## INSTRUCTIONS TO FOLLOW
Copy, from the entries below, each line where the word "Figura" can be found.

## DATA LISTING
____

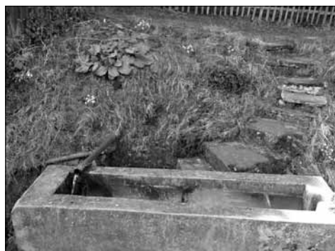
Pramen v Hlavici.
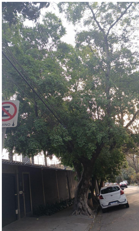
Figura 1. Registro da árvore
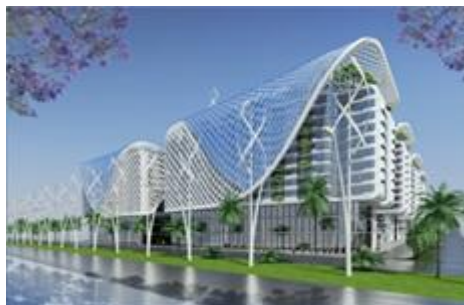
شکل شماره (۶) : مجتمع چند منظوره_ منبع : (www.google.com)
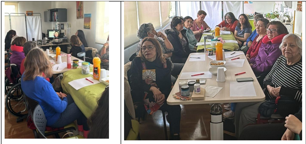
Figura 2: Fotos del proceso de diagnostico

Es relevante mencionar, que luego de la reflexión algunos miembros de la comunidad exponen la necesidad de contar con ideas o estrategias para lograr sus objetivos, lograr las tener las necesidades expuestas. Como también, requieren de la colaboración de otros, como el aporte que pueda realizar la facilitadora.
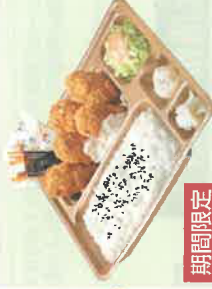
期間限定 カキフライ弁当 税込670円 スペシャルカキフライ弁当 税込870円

____

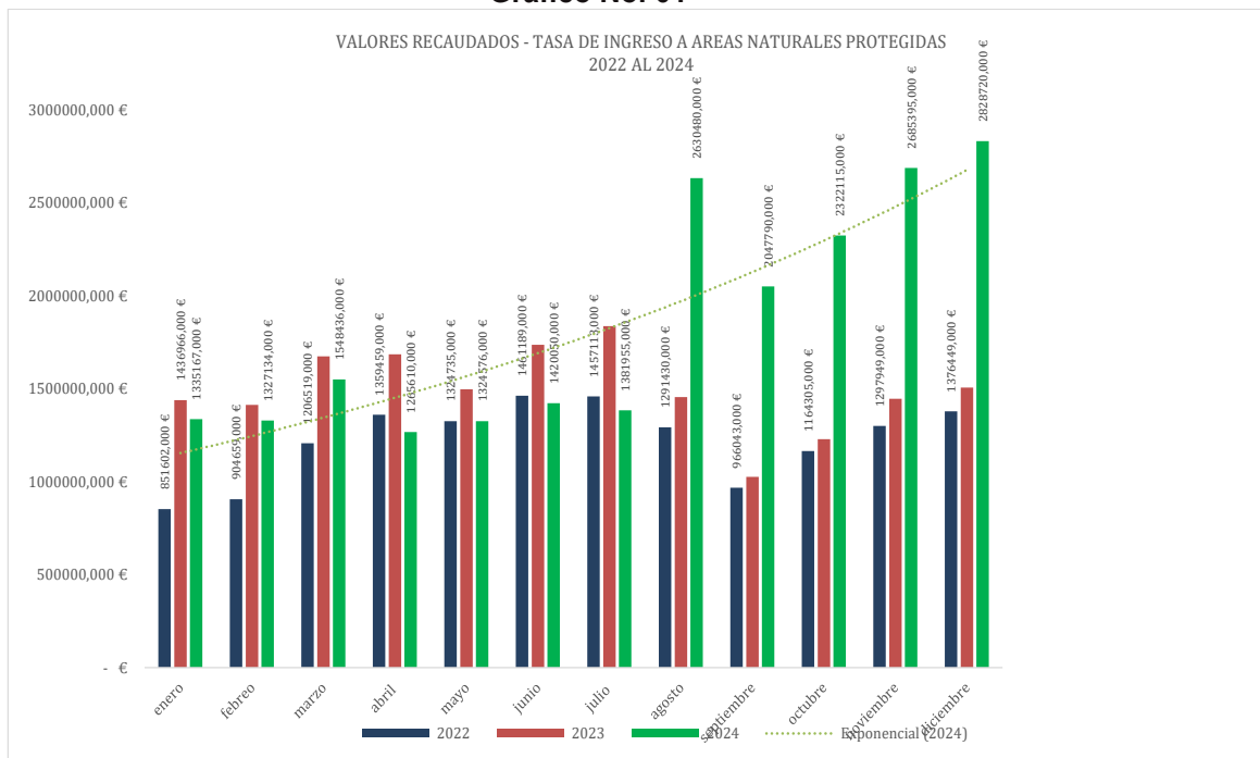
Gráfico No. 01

____

## ANSWER TO THIS EXERCISE
Figura 1. Registro da árvore
Figura 2: Fotos del proceso de diagnostico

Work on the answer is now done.